The Kingdom of Saudi Arabia is undergoing a massive digital transformation, and the cornerstone of this change in the business sector is the ZATCA e-invoicing mandate. While Phase 1 (the Generation Phase) focused on getting businesses to issue digital invoices, Phase 2, known as the Integration Phase, is about connecting your systems directly to the government’s.
If your business operates in Saudi Arabia, understanding the rolling deadlines and turnover thresholds for ZATCA Phase 2 isn’t optional, it’s essential to avoid steep penalties and maintain smooth operations.
What is ZATCA Phase 2 (The Integration Phase)?
Phase 2, which began on January 1, 2023, is the process of integrating your company’s accounting or ERP system with the ZATCA (Zakat, Tax and Customs Authority) platform, known as Fatoora.
This phase requires more than just generating a digital document; it mandates:
- Real-Time Clearance (B2B): For Tax Invoices (business-to-business), your system must send the invoice to ZATCA for validation and clearance before it’s issued to the customer.
- Near Real-Time Reporting (B2C): For Simplified Tax Invoices (business-to-consumer), your system must report the invoice data to ZATCA within 24 hours of issuance.
- Enhanced Security: Invoices must include new technical fields, such as a Cryptographic Stamp, a unique UUID, and a digital signature, all designed to ensure the data’s integrity and prevent tampering.
The Rolling Waves: How to Identify Your Deadline
To make the transition manageable, ZATCA is rolling out Phase 2 in successive waves, or groups, based on a business’s annual VAT-taxable turnover. This means the largest businesses were first, and the compliance mandate is gradually trickling down to smaller enterprises.
The Golden Rule: ZATCA officially notifies taxpayers of their applicable wave at least six months before their integration deadline. However, it’s the business’s responsibility to proactively check its turnover against the published thresholds.
Key Turnover Thresholds and Deadlines
The criteria for inclusion in a wave is your total VAT-taxable turnover during either 2021, 2022, 2023, or 2024 (depending on the wave).
Here is a look at how the compliance waves are progressing across Saudi Arabia:
| Wave Example | Turnover Threshold (Highest in 2022, 2023, or 2024) | Integration Deadline (Approximate) |
| Early Waves | Exceeding SAR 500 Million | Already Passed (Mid-2023) |
| Middle Waves | Exceeding SAR 10 Million | Early 2025 |
| Latest Waves | Exceeding SAR 1 Million | Q4 2025 |
| Upcoming Waves | Exceeding SAR 375,000 | Q2 2026 |
The trend is clear: the threshold is continually dropping to include more and more businesses.
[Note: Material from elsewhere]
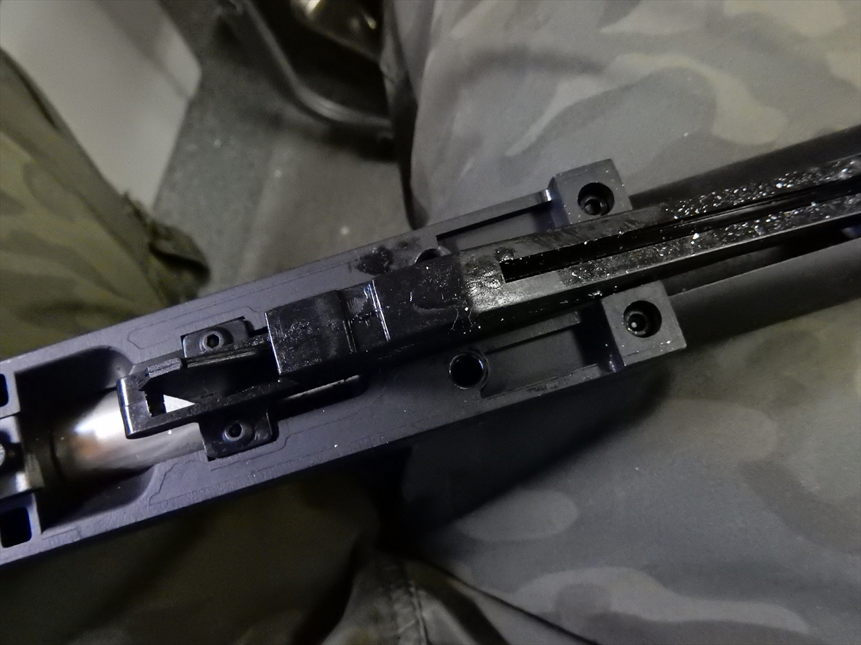 これがあるので、普通のボルトアクションの様にシリンダーを簡単に抜いてクリーニング等ができませんw
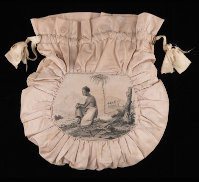 "Established on April 8, 1825, the Birmingham, England, Female Society for the Relief of British Negro Slaves, produced literature, printed albums, purses and workbags [including this one] for sale to help raise awareness of the cruelty to enslaved Africans and to provide money for their relief. These women, many members of the Society of Friends or Quakers, began one of the earliest Free Labor Movements specifically against the purchase of slave-made West Indian sugar. Identical objects and literature crossed the Atlantic and helped to fuel the American abolitionist movement."

For instance, ZATCA has announced that businesses with an annual taxable turnover as low as SAR 375,000 (during 2022, 2023, or 2024) are now being phased in, with an expected integration deadline around June 30, 2026.
Action Item: If your business is VAT-registered in Saudi Arabia and your annual revenue is above SAR 375,000, you are almost certainly included in one of the upcoming ZATCA Phase 2 waves.
Preparing Your Business for Integration
Preparation is the only way to ensure a smooth transition and avoid the financial penalties that come with non-compliance.
- Verify Your Wave: Immediately calculate your highest VAT-taxable revenue from the relevant years (2022, 2023, or 2024) to pinpoint your mandatory integration date.
- Choose Compliant Software: Your current invoicing system or ERP must be able to meet the technical requirements of Phase 2. This means it must support API connectivity with the Fatoora portal, generate the required cryptographic stamps, and format the invoice correctly (XML or PDF/A-3 with embedded XML).
- Start Early: ZATCA provides a six-month window for a reason. Use this time to test your system integration, train your staff on the new real-time process, and stabilize your invoicing flow. Delaying until the final weeks dramatically increases the risk of system failure and compliance breaches.
The e-invoicing mandate in Saudi Arabia is a permanent shift toward digital tax reporting. By understanding the rolling deadlines and thresholds of ZATCA Phase 2, your business can turn a compliance obligation into an opportunity for greater efficiency and security.